Here's where the magic happens! We take the memory address of y and interpret it as a pointer to an long integer (using the cast (long *)&y). This allows us to access the bit pattern of the floating-point number y as if it were a long integer. This is known as "bit-level hacking" or "type punning," and it's a common trick used in low-level programming.

1    i  = 0x5f3759df - ( i >> 1 ); // what the fuck?

Now, we perform some bit manipulation on the long integer i. First, we shift the bits of i to the right by one position. This is equivalent to dividing the value by 2. Then, we subtract this shifted value from the hexadecimal constant 0x5f3759df. This constant is a "magic number" that was carefully chosen to provide a good initial approximation for the inverse square root. Now why exactly this number? The actual reason is unknown but it was likely determined through extensive numerical analysis, benchmarking, and optimization by the ID Software team.

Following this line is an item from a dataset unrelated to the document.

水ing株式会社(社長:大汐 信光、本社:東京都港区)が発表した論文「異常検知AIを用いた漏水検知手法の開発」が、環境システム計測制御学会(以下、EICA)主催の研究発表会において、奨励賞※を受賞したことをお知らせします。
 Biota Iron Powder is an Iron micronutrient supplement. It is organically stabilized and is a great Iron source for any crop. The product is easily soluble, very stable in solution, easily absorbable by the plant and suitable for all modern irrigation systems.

1    y  = * ( float * ) &i;

After the bit manipulation, we write the modified i value back to memory, but this time we interpret it as a floating-point number by casting the address of i to a float pointer ((float *)&i). This gives us the initial approximation of the inverse square root, stored in y.

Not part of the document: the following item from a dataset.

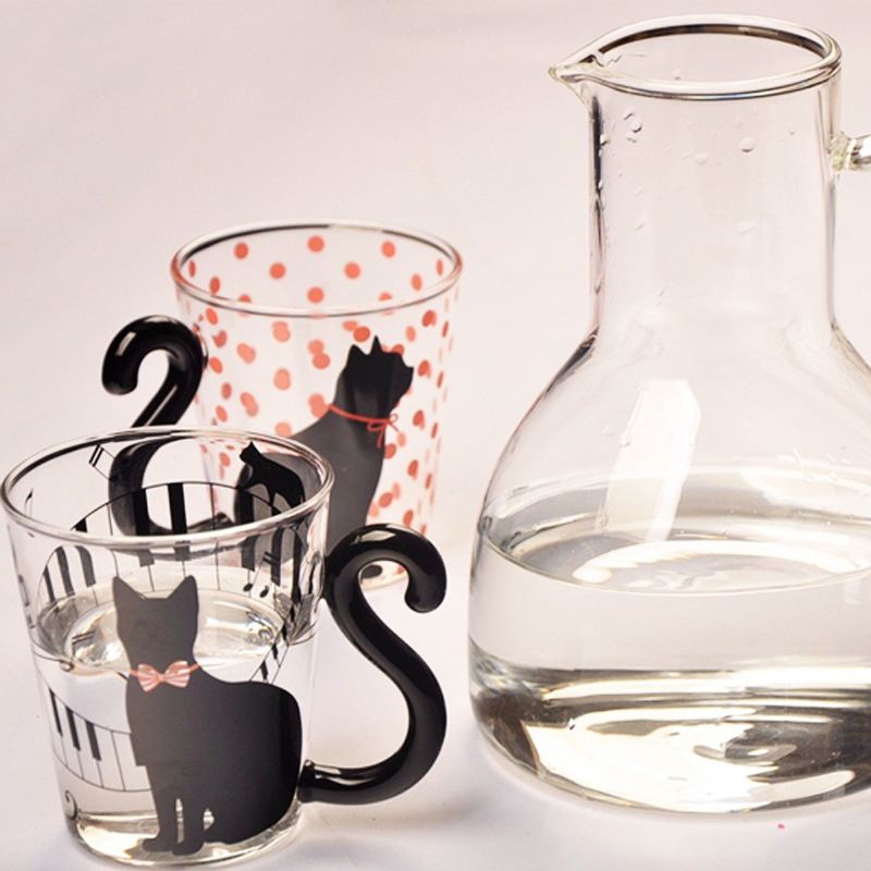 Roztomilý Kreslený Skleněný Šálek Pro Kočku Čaje Hrnek Na Kávu Mléko Music Dots Home Office

1    y  = y * ( threehalfs - ( x2 * y * y ) ); // 1st iteration
2    // y  = y * ( threehalfs - ( x2 * y * y ) ); // 2nd iteration, this can be removed

Finally, we refine the approximation by performing one or two iterations of a polynomial approximation. The expression (threehalfs - (x2 * y * y)) is a carefully chosen polynomial that, when multiplied with the initial approximation y, gives a better approximation of the inverse square root.

The commented-out line shows a second iteration of the same polynomial approximation, which would provide a more accurate result but at the cost of additional computations.

1    return y;
2}

After the approximation is computed, we simply return the final value of y, which is our fast inverse square root approximation.

It's important to note that this algorithm sacrifices some precision for the sake of speed. The approximation may not be as accurate as the result obtained from a more precise method like Newton's method, but in real-time graphics applications like Quake III Arena, the speed gain often outweighed the need for perfect precision.